Front page continuation (72) Inventor Masahiko Suzuki, 1-1, Showa-cho, Kariya city, Aichi Nihon Denso Co., Ltd. (56) Reference JP-A-57-60972 (JP, A) JP-A-58-139868 ( JP, A) JP 57-158162 (JP, A)

Claims (1)

[Claims] 1. A steering mechanism for traveling a steering wheel in one direction (or another direction) in response to a turning operation of a steering wheel of a vehicle in one direction (or another direction), and a pressure driven by a rotary electric motor. A fluid pump for generating a fluid, and a piston that is slidably fitted in a cylinder to form both chambers. When a fluid pressure is generated in one (or the other) of the chambers, the pistons are A power cylinder that slides toward the other side (or one side) of the chamber to assist the turning operation in the other direction (or one direction) of the steering handle; and a power cylinder that is provided coaxially with the steering shaft of the steering handle. The amount of the pressure fluid from the fluid pump is throttled according to the amount of twist of the steering shaft due to the turning operation of the steering wheel in one direction (or the other direction), and is applied to the other (or one) of both chambers of the power cylinder. Servo valve means , Electrical switching means for shutting off both chambers of the power cylinder when the first switching state is set, and permitting communication between both chambers of the power cylinder when the second switching state is set; Vehicle speed detection means for generating a signal, and a vehicle speed determination signal that generates a vehicle speed determination signal when the value of the vehicle speed signal is smaller than a set vehicle speed value, and a vehicle speed determination signal that disappears when the value of the vehicle speed signal is greater than the set vehicle speed value Means for generating a first output signal required for driving the rotary motor in response to the generation of the vehicle speed determination signal and applying the first output signal to the rotary motor, and a second output signal required for the first switching state of the electrical switching means. The output signal is extinguished, the first output signal is extinguished in response to the extinction of the vehicle speed determination signal, and the second output signal is extinguished.

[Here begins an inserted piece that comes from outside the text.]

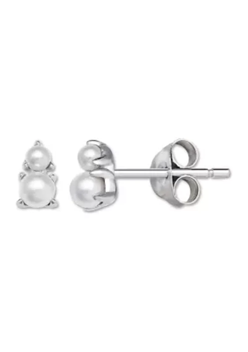 Double Pearl Stud Earrings in Sterling Silver

An output signal generating means for generating an output signal and giving it to the electrical switching means; a rotating state detecting means for detecting a rotating state of the steering wheel and generating a rotating state detecting signal; A neutral state determination signal is generated when the value corresponds to the substantially neutral state of the steering wheel, and the neutral state determination signal is extinguished when the value of the turning state detection signal does not correspond to the substantially neutral state of the steering wheel. State determining means is provided, and the output signal generating means causes the second output signal to occur while eliminating the first output signal in response to the disappearance of the vehicle speed determination signal and the generation of the neutral state determination signal, A power steering apparatus for a vehicle, wherein the electric switching means is set to the second switching state.